It is time to redefine the Class A office

Many assets considered top-tier in the sector are older and do not meet ESG expectations. That needs to change, says Craig McDonald, principal at Ardstone Capital UK.

In a global office market awash with analysis, accreditations, indices and benchmarks, why do we as an industry still adhere to an historic “catch-all” category of the Class A office? It is a term as much in use today as it was when I began my career in the City of London as a leasing agent more than two decades ago. And yet dramatic changes in tenant and investor expectations, technology and design have created an office landscape that would have been unthinkable at that time.

For many years the Class A office was an asset that was built within the last 10 years and offered high quality design with a specification that provided for air-conditioning, raised floors and suspended ceilings. Now what defines a Class A office building is the subject of some debate given the increasing focus on ESG and net zero carbon. The challenge is that there is always some subjectivity in the categorization of real estate assets despite the plethora of benchmarks and data. However, given the increasing levels of analysis, monitoring and ESG performance criteria should we not be reducing the degree of subjectivity?

McDonald: we should be lowering the degree of subjectivity around categorizing Class A office

Within the Ardstone Regional Office Fund, a joint venture fund with CBRE IM, we are currently delivering an extended and completely refurbished Class A office building in Edinburgh, 24 St Andrews Square. Once completed in early 2025, it not only will offer all of the aforementioned technical items such as raised floors and suspended ceilings, but importantly will be all electric. Having no reliance on fossil fuel must today be a key criteria for the appraisal of a Class A office. But does that mean that an asset with a residual dependency on fossil fuel is Class B? I would suggest that it probably is.

Part of the challenge is that there is very little recalibration of assets. They decline at a gentle pace from Class A to Class A- to Class B+ then finally Class B before being stranded waiting for repositioning, repurposing or redevelopment. Some research indicates as much as 80 percent of the UK office stock might be classed as B or poorer. Asset owners, ourselves included, are often reluctant to acknowledge that an asset bought as Class A, due to time or a changing market, might now be Class B.

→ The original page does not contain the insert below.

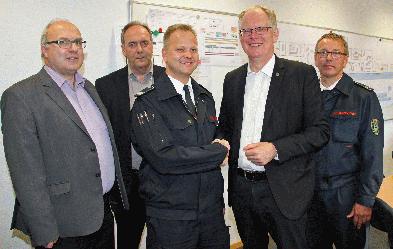 Neben Landrat Cay Süberkrüb beglückwünschten Martin Böhme, Fachdienstleiter Bevölkerungsschutz, Hans-Ulrich Seidel, Fachbereichsleiter Ordnung, Recht und Sicherheit, und Robert Gurk, Kreisbrandmeister, den neuen Leiter der Kreisleitstelle.
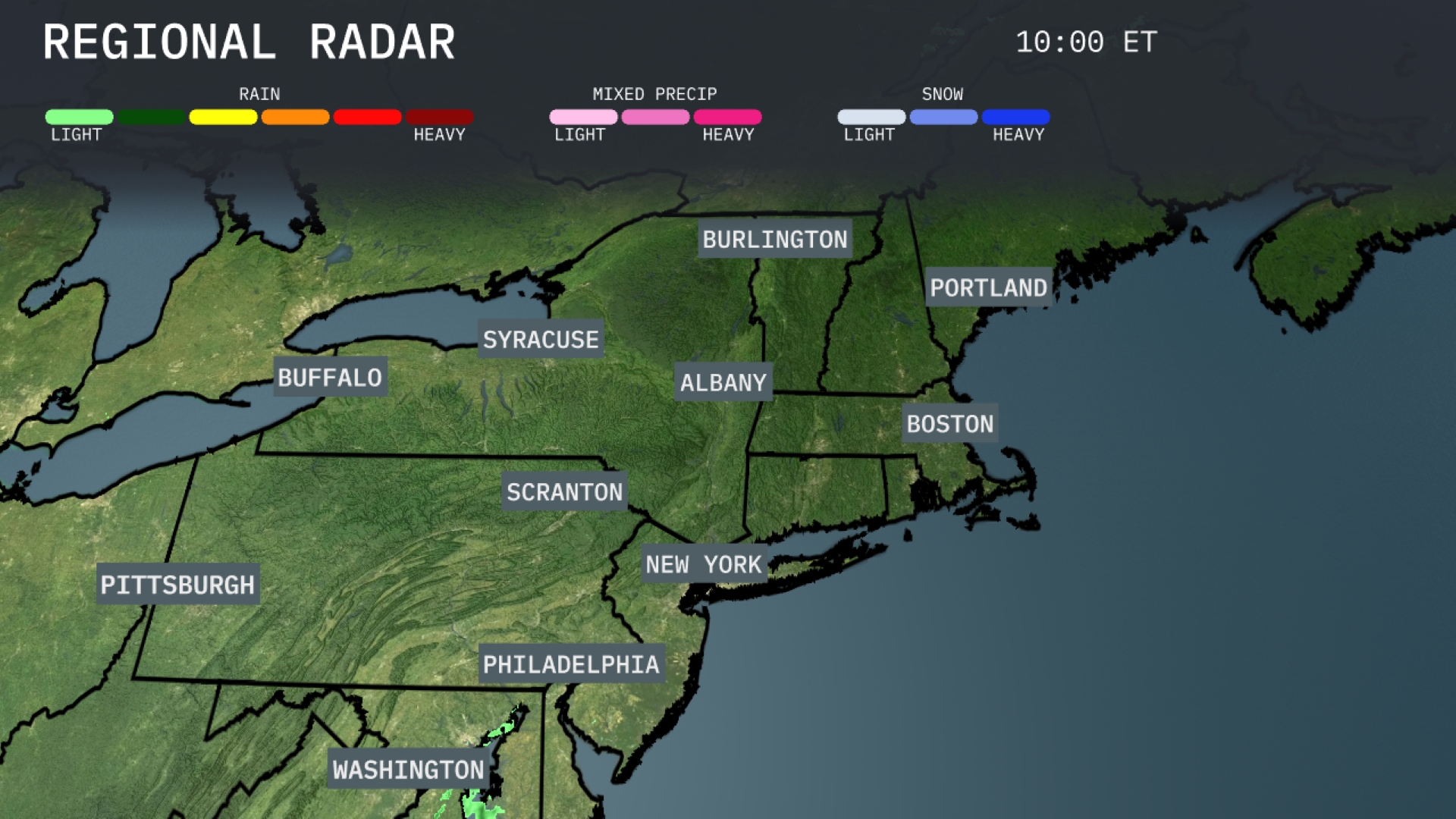The Northeast radar shows a peaceful start to the day with mostly clear skies. Scattered showers are beginning to form in the Washington area, hinting at a possibility of further development. Skies over Pittsburgh, Buffalo, and Albany remain clear, providing dry conditions across northern New York and Pennsylvania. Keep an eye on Philadelphia and Scranton, where clouds are on the rise, signaling a potential for rain later in the day.

One other element that might blur the edges of the Class A category is if you are approaching the asset from a position in the capital or leasing markets. If you are coming from the former, a high quality of income will add to the Class A argument for an asset. I suspect the capital markets have a slightly different perspective to those that are more focused on the occupational criteria.

We now have a range of well-regarded building accreditations from organizations such as BREEAM, WiredScore, WELL and the increasingly influential NABERS. They indicate with ever improving accuracy the performance of an office asset. In defining levels of categorization for an office asset, these accreditations also provide an instant method of comparison.

However, accreditations do not explicitly define what qualifies as a Class A office asset. Charles Dady and his colleagues at Cushman and Wakefield in the UK have drawn up this definition, which is still a work in progress and an attempt to begin the conversation. It also reflects a hierarchy developing, with broad characteristics for each tier:

  • Grade A: A space compliant with industry best practices – such as the British Council for Offices – and energy efficiency regulations, such as the UK’s Domestic Minimum Energy Efficiency Standard. 
  • Prime: Newly built or extensively refurbished space with strong environmental credentials and occupier amenities.
  • Super-prime (or “best in class”): A prime property with features such as terracing, views and a central location.

Some of that criterion still seems very subjective and for me the definition is still too broad. Class A specification still needs to be clearly defined, but as a start, we should include zero dependency on fossil fuel, proximity to transport, wellness amenities, access to open space and net zero carbon in operation.

When valuations remain a topic of intense debate, it will be challenging for asset managers and real estate owners to accept that Class A classification has to be much tighter. But if we do not address it now, then when?